Proclamations, April 9, 1984

Proclamation 5175 -- Law Day U.S.A., 1984

April 9, 1984

By the President of the United States

of America

A Proclamation

May 1, 1984 is Law Day U.S.A., a time to affirm the essential role of the rule of law in the development and preservation of our free society.

This year's Law Day theme, ``Law Makes Freedom Work,'' captures the essence of our heritage as a Republic. Our unique experience demonstrates that law and freedom must be indivisible partners. For without law, there can be no freedom, only chaos and disorder; and without freedom, law is but a cynical veneer for injustice and oppression.

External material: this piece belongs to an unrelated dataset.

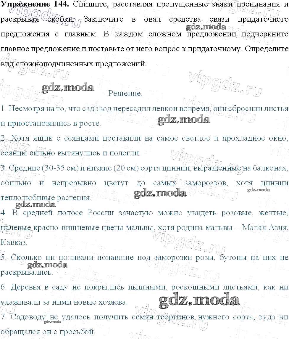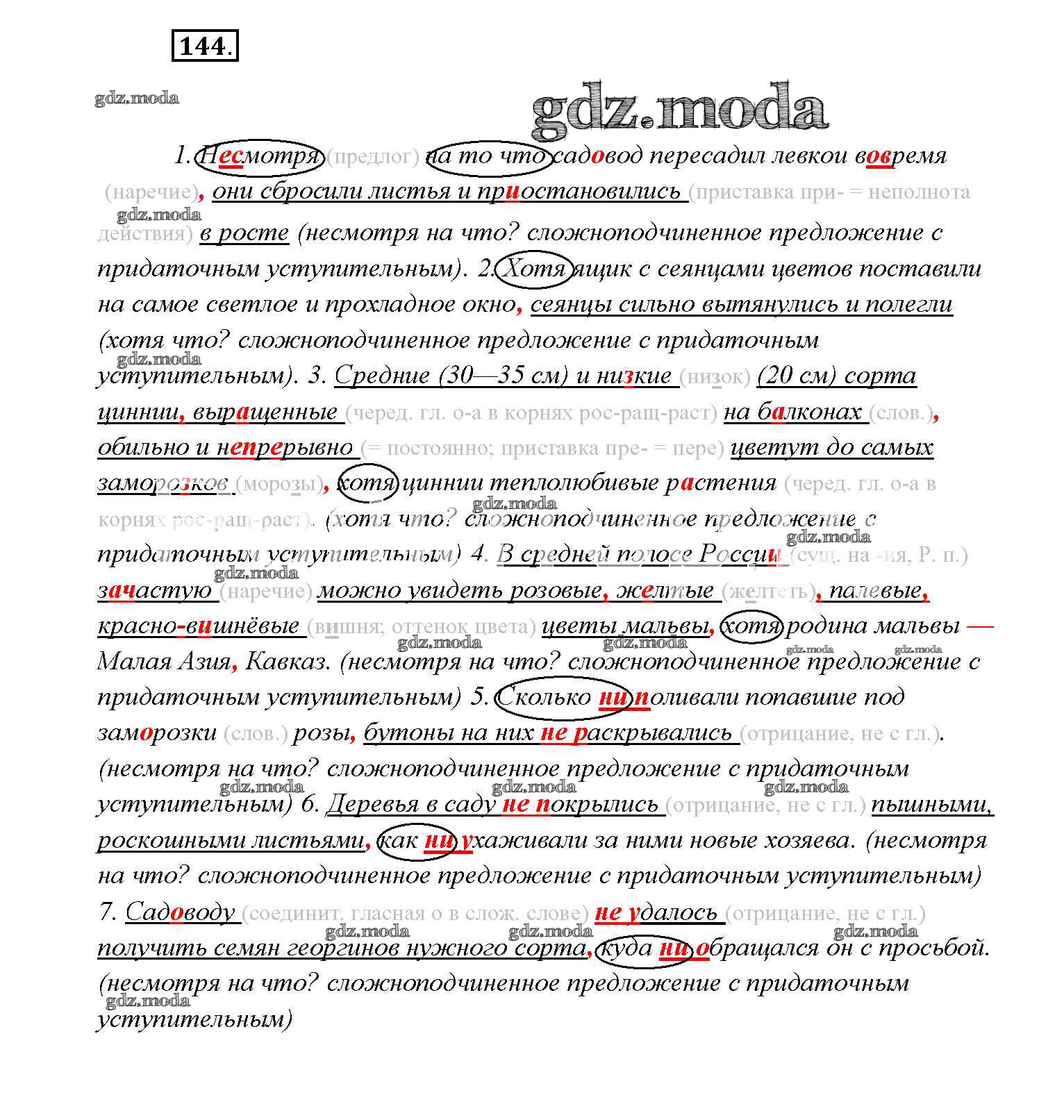 ОТВЕТ на задание № 144 Учебник по Русскому языку 9 класс Тростенцова

The guarantees of freedom embodied in our Constitution and the Bill of Rights are a continuing legacy, enhancing the lives of our citizens and serving as an inspiration to people around the world. One of our Nation's strongest principles is that voluntary adherence to the rule of law expands, rather than limits, the opportunities for freedom.

For twenty-seven years, we have set aside this day as a time for reflection upon and celebration of the vital bond between liberty and the rule of law that gives life to our national goals and ideals. It is also an opportunity for all Americans to improve their understanding and appreciation of the contribution law makes to the preservation of freedom.

Now, Therefore, I, Ronald Reagan, President of the United States of America, in accordance with Public Law 87 - 20 of April 7, 1961, do hereby proclaim Tuesday, May 1, 1984 as Law Day U.S.A. I urge the people of the United States to use this occasion to renew their commitment to the rule of law and to reaffirm our dedication to the partnership of law and liberty. I also urge the legal profession, schools, civic, service and fraternal organizations, public bodies, libraries, the courts, the communications media, business, the clergy, and all interested individuals and organizations to join in efforts to focus attention on the need for the rule of law. I also call upon all public officials to display the flag of the United States on all government buildings open on Law Day, May 1, 1984.

In Witness Whereof, I have hereunto set my hand this ninth day of April, in the year of our Lord nineteen hundred and eighty-four, and of the Independence of the United States of America the two hundred and eighth.

Ronald Reagan

[Filed with the Office of the Federal Register, 10:58 a.m., April 10, 1984]

Proclamation 5176 -- Parkinson's Disease Awareness Week, 1984

April 9, 1984

By the President of the United States

of America

A Proclamation

For most of us, movement is part of our lives which, though essential, we often take for granted. But for nearly half a million Americans, every step, every gesture is fraught with apprehension. These people suffer from Parkinson's disease, a movement disorder that affects people as they grow older.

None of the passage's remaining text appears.